Artificial difficulty is something that is definitely up for debate. It definitely could be considered a Game mechanic that can be used or misused properly.
As for story, I really think that Mario really can’t happen again. Mario was the best and most polished side scroller of its time. The game mechanic was still new and fresh.
Nowadays making a new genre of gaming is very difficult, and I doubt that alone can sell a good game. Most great genres are already out there, and little room for genre innovation exists.
Given that, Mario today, would need a good story.
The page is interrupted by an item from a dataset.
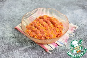 Добавить соль, перцы по вкусу, хорошо размешать.
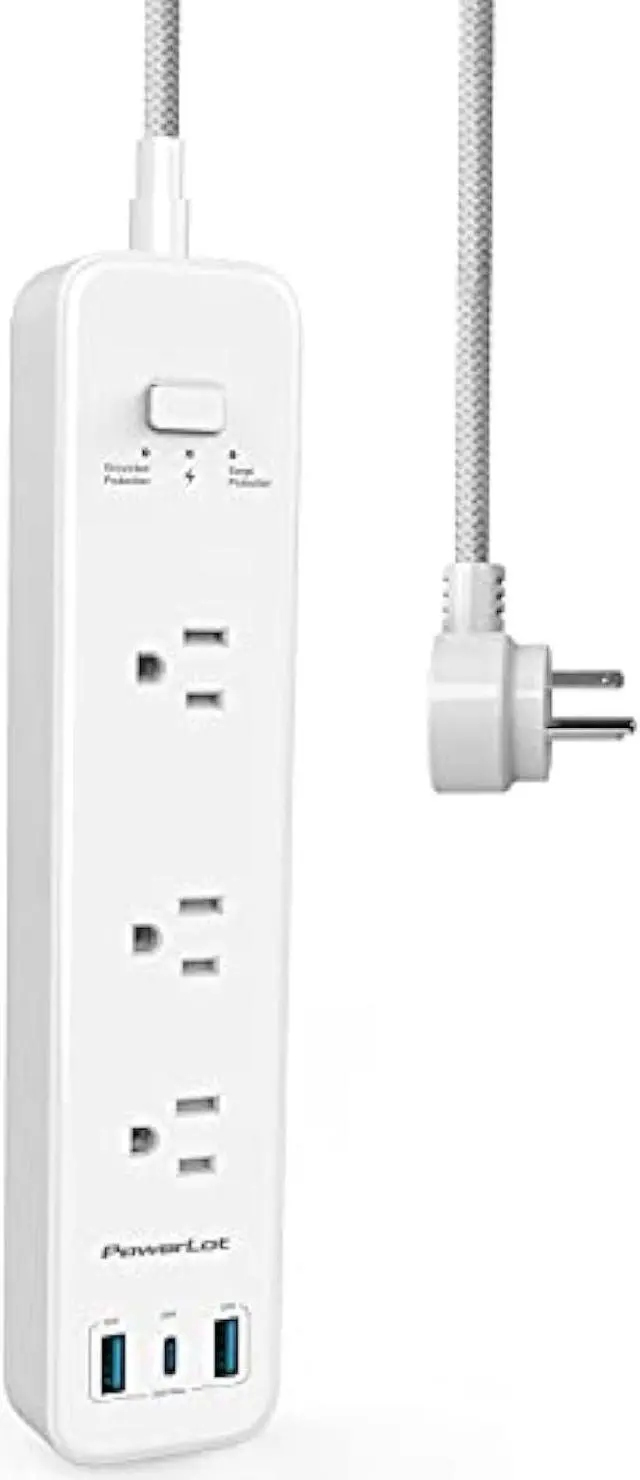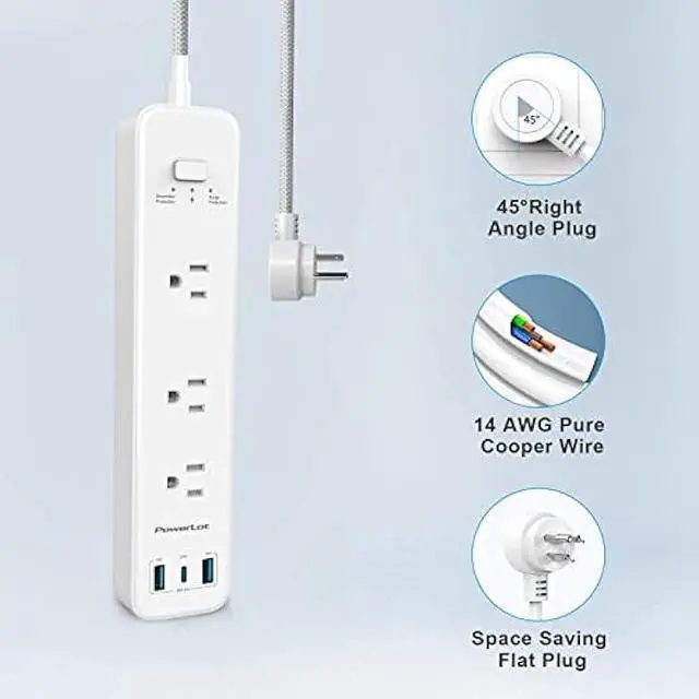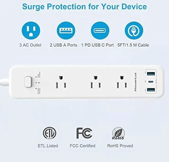 [All Round Safety] PowerLot Surge Protector Power Strip certificated by FCC, ETL and UL listed, with built in safe guards to protect both the power strip and your charging devices form over-heat, over-charge, over-current, and short circuit; 3 LED indicators to show power, surge protection, and grounding, always ensures a safe working condition for PowerLot customer

Thanks again for the awesome comments Kelsey and Dan! 🙂
Daniel Flatt
November 13, 2012 @ 5:17 pm
I’m really even talking about new Mario. Mario is still out there, still selling huge games and his story isn’t any better or makes any more sense than it did back on the NES. So the statement that a good game has to have a good story is incorrect in most cases. I happen to agree with you about story being important by the way, just not that it’s one of the main things developers need to nail.
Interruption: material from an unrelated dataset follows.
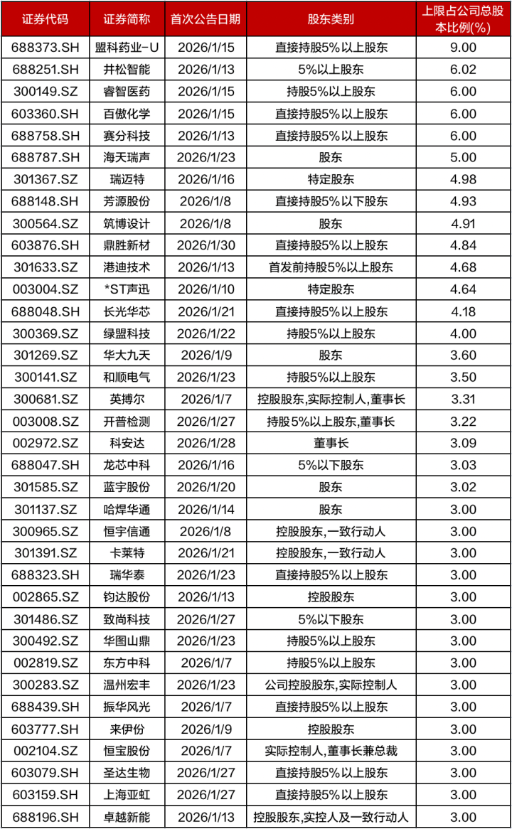 表3:2026年1月发布的公司股东拟减持计划(减持比例不低于3.00%)(左右滑动查看)

If you have an adventure game, RPG, action game, even an FPS nowadays you have to have a decent story to prop it all up. Other genres though it doesn’t matter, such as platforming. As long as the game mechanics are spot on the why of the situation doesn’t matter within these games.
Sean
November 13, 2012 @ 7:45 pm
Personally I’d replace a Bad Story with bad voice acting. A game can get away without a story (Mario) or with a bad one (Modern Warfare 2) but if it has bad voice acting then getting through the game can actually be painful.
24.7 Gaming Blog
November 13, 2012 @ 8:02 pm
Bad camera angles are definitely the worst part of a game. A game with bad camera controls makes me want to throw the thing out the window!
Kelsey Miller
November 14, 2012 @ 10:32 am
You could probably make a really gruesome and/or cheesy analogy relating these aspects to organs of a living body.
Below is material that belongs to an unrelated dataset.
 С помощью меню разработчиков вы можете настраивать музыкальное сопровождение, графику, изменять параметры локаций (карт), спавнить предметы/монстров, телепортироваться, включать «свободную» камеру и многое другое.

You kinda need to balance everything out. People can lack organs and do fine with help of synthetic replacements and etc. On a different note, there are many species in our world and body types within those species, all of which point to the many ways to achieve a working form. Games are the same sort of beasts, methinks, all varied in body and form. The bad ones die out from natural selection, good ones flourish. Occasionally bad luck steps in and mucks up the rules, causing a good game to bite the dust or a bad one to thrive. Yet, as a whole, it seems pretty Darwinian, and we soldier on with it.
Yeah, I definitely went in the cheesy direction with that one…
Brad Lida
November 16, 2012 @ 11:54 pm
Number 3. I could kiss you for saying this.
Artificial difficulty is a huge peeve of mine.
In starcraft 2, artificial difficulty is added to add balance between the three races.
bleachorange
November 22, 2012 @ 10:44 pm
I have to say a few things –
1. yes in general to the above
2. if mario had a plot that made sense, it would be a runaway best seller, even more than it is. or, angry fans would storm nintendo asking why they changed it up.
3. the ONLY thing that truly matters in the end is this – don’t muck up the selling point of your game. If it’s a stealth game, don’t actionize it at the expense of the core gameplay. if you have a complex, story driven rpg, don’t simplify it to ‘reach a wider audience’. If you have a FPS hit, you know the campaign doesn’t actually matter – At the end of the day, less than a third of the player base of any FPS ‘hit’ actually cares about anything besides online multiplayer. there are exceptions, of course, but this is good life advice – don’t shoot yourself in the foot.